(Given material Opens)

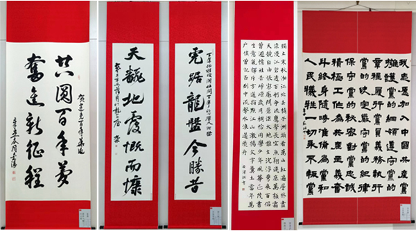 本次师生书法作品展由党委宣传部、党委学生工作部共同主办,校书法教育研究会承办,共计收到156幅投稿作品,经筛选评审,最终展出篆书、隶书、楷书、草书、行书5类书体共计48幅作品。作品立意新颖、格调高雅、主题突出、特色鲜明,广大师生积极踊跃参与本次活动,在创作中进一步加深对知史爱党、知史爱国的理解,增强守初心、担使命的思想自觉和行动自觉。
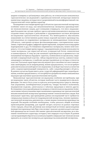 4. Кудинова Н.С., Сухарев А. Г. “Криминалистические паспорта” как объекты для сравнительного исследования при производстве судебной механоскопической экспертизы производственно-технологических следов маркирования // Проблемы уголовного процесса, криминалистики и судебной экспертизы. 2023. № 2(22). С. 33-34. EDN: HBOLYZ
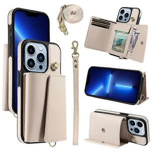 Kompatybilny z iPhone 13 Pro Max Etui na telefon Crossbody Uchwyt na karty Podpórka Pokryty skórą TPU Pokrowiec na telefon komórkowy Beżowy
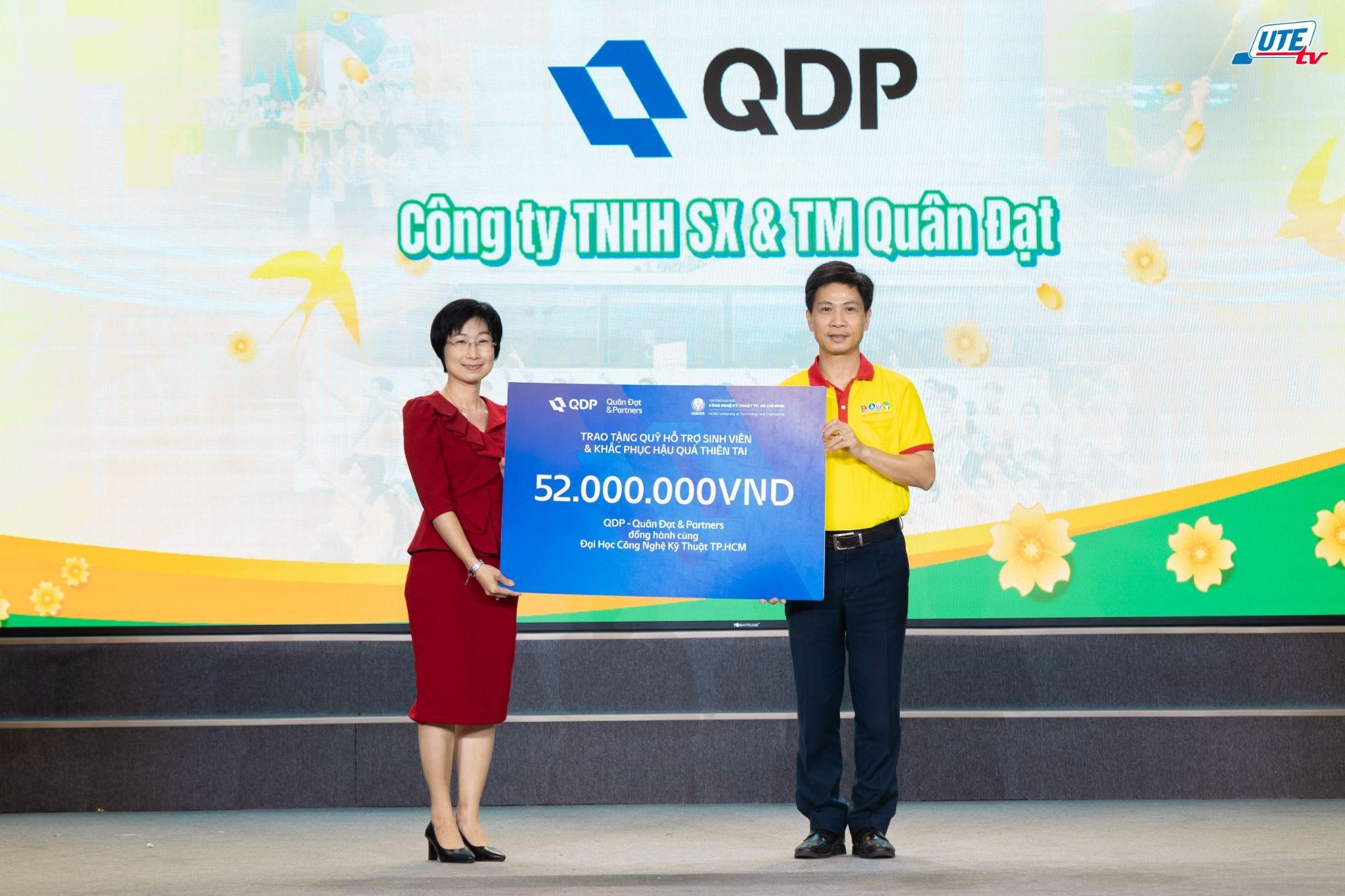 Đại diện công ty Quân Đạt & Partners trao học bổng hỗ trợ cho sinh viên HCM-UTE

(Given material Closes)

The expected answer is the line with "4. Кудинова Н.С., Сухарев" followed by every remaining line of the listing, each restated exactly, with all pictures dropped.

 4. Кудинова Н.С., Сухарев А. Г. “Криминалистические паспорта” как объекты для сравнительного исследования при производстве судебной механоскопической экспертизы производственно-технологических следов маркирования // Проблемы уголовного процесса, криминалистики и судебной экспертизы. 2023. № 2(22). С. 33-34. EDN: HBOLYZ
 Kompatybilny z iPhone 13 Pro Max Etui na telefon Crossbody Uchwyt na karty Podpórka Pokryty skórą TPU Pokrowiec na telefon komórkowy Beżowy
 Đại diện công ty Quân Đạt & Partners trao học bổng hỗ trợ cho sinh viên HCM-UTE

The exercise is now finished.